Apa yang dilakukan pemerintah tersebut adalah sebuah politik impresi (politik kesan).
"Dimana yang diutamakan adalah kesan, daripada substansi," kata Direktur Riset Setara Institute Ismail Hasani kepada Republika.co.id, baru-baru ini.
Politik kesan tersebut memberikan gambaran seolah-seolah orang yang menggunakan kemeja putih adalah sosok sederhana dan masyarakat merasa lebih dekat.
Ismail menyebut ini adalah ikhtiar yang coba didorong oleh pemerintahan Jokowi dan Jusuf Kalla, namun bukan hal substantif.
"Hanya rame-ramean saja. Tidak ada jaminan baju putih mencerminkan kesederhaan dan teladan bagi rakyat," ujarnya.
Setiap Rabu, ASN diwajibkan mengenakan kemeja putih yang identik dengan Presiden Joko Widodo. Hal ini, kata Ismail, mengingatkan masyarakat kembali ke masa dimana Golkar berjaya, hampir semua dibuat kuning. Bedanya saat ini bukan 'dikuningkan' melainkan 'dihitam-putihkan'.

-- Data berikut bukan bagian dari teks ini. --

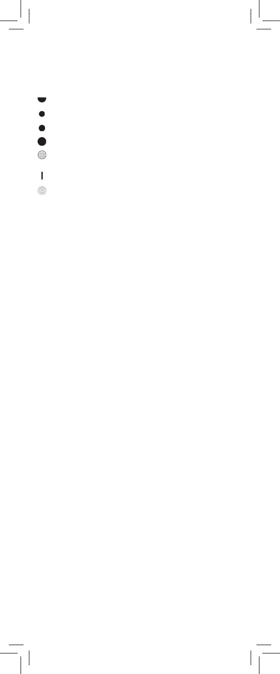 Demi-lune, petit/moyen/grand spot, étoile de fixation, fente et grille.“
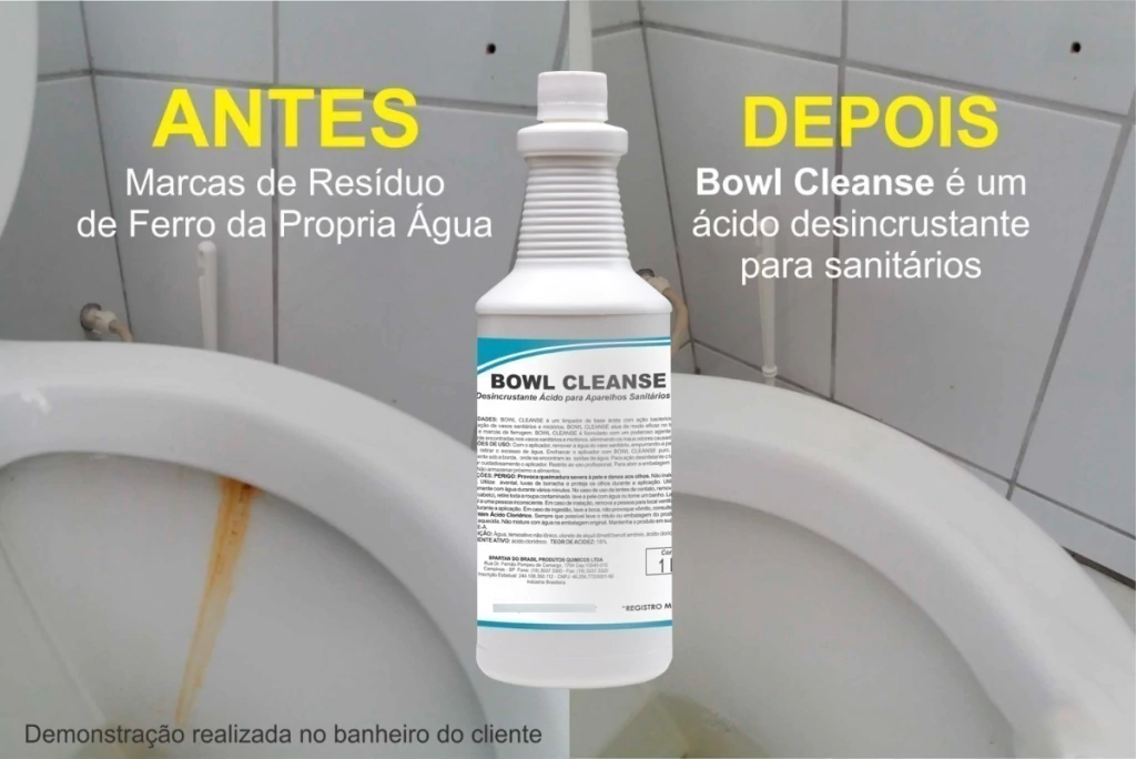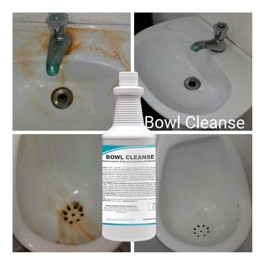 BOWL CLEANSE atua de modo eficaz no trabalho de remoção de incrustações de sais de urina, depósitos orgânicos e marcas amareladas e de ferrugem.

Bagi ASN yang tidak mematuhi peraturan tersebut, maka ada sanksi menanti. Kepala daerah yang tidak menjalankannya akan disekolahkan kembali.
Kalau begini, kata Ismail, apa bedanya pemerintah saat ini dengan masa lalu. Sanksi tersebut dinilai berlebihan, mengingat mereka permisif terhadap pelayanan buruk yang tidak tercapai ukurannya.